If They’re Giving Us the Report, Why Not Give Us the Notes?

May 14, 2013
By Hanging Out with Carl Gunn



  • Notes of a witness interview may be Jencks material, either as a statement of a witness if they’re a substantially verbatim recording or as a statement of the agent notetaker if he or she testifies about the witness’s statement.
  • Notes may be Brady material, either when they contain something the later report and testimony doesn’t or when they don’t contain something the later reportand testimony does.
  • Common sense suggests prosecutors should disclose notes; there’s no harm if the notes are identical to the report, and there’s arguable Brady material if they’re different.



Three weeks back, I wrote a post (see “Aren’t Notes a Written Record Too?” in the prior posts list there in the right-hand column) on the right to notes taken by an agent of the interrogation of a defendant. The argument there turned on a specific provision of Rule 16 applicable to written records of a defendant’s statements during interrogation, but there’s arguments to be made, albeit not under Rule 16, for the disclosure of notes of interviews of non-defendant witnesses as well. They’re laid out nicely in the sample motion attached here, written by former Los Angeles Deputy Federal Public Defender Evan Jenness.

Evan’s motion makes several points that are worth keeping in mind. First, in at least some circumstances notes of a witness interview may be Jencks material that needs to be disclosed regardless of whether the notes reveal inconsistencies. Certainly they’re a statement of the agent who took the notes if he or she gets up and testifies about what the witness said. And they’re arguably a statement of the witness himself or herself if all – or at least part – of the notes come within the Rule 26.2(f)(2) and 18 U.S.C. § 3500(e)(2) definition of “statement” as including “a substantially verbatim, contemporaneously recorded recital” of what the witness said.

Second, the notes may be – or at least contain – either impeachment Brady (Giglio) material or substantive Brady material. They may contain things the later report and testimony doesn’t contain, which triggers cross examination bringing out that additional information, or not contain things the later report does contain, which triggers cross examination raising doubt about the thing included in the report and testimony but not the more contemporaneous notes. Evan’s motion – and her declaration attached to the motion – lay out some good reasons to think that inconsistencies in notes must be very common. Her thoughts resemble some of the suggestions in last week’s post about what to look for in government “e-communications” and the example of a prior draft with important information described in the post before that (see “A DOJ Acknowledgment of Discovery in the Brave New World of Computers,” and “Have You Thought About the Discovery that Word Processing Might Produce?” in the prior posts list in the right-hand column).

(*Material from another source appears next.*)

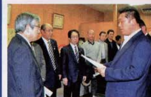
被災農家の皆さんと園芸団地 早期整備を亀山市長に陳情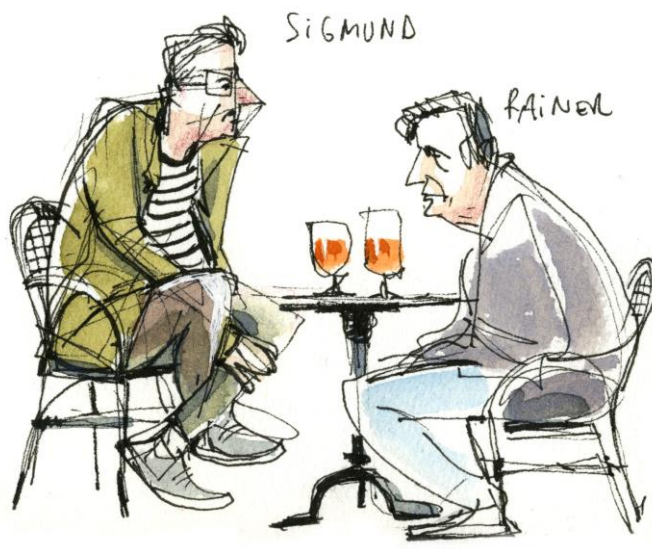
Sigmund und Rainer am Tisch beim Bier. Zeichnung von Nicola Maier-Reimer.

So erzeugen wir maximalen Ausdruck und Komik, und finden einen Weg, Menschen in Aktion zu zeichnen.

And, lastly, one common sense argument might be made to prosecutors and judges, similar to a common sense argument suggested in the post on notes of an interrogation of a defendant three weeks back. If the notes don’t have anything that’s not in the report already, then what’s the harm in disclosing purely duplicative material? And if the notes do have something that’s not in the report, there’s at least an argument that they’re Brady material that has to be disclosed anyway. Why not just err on the side of caution to make sure no Brady material is inadvertently withheld? Which has the additional benefit of saving the time which would otherwise have to be devoted to poring through the notes for inconsistencies?

Hey, prosecutors do believe in common sense, don’t they? Isn’t that what they’re always telling jurors to use?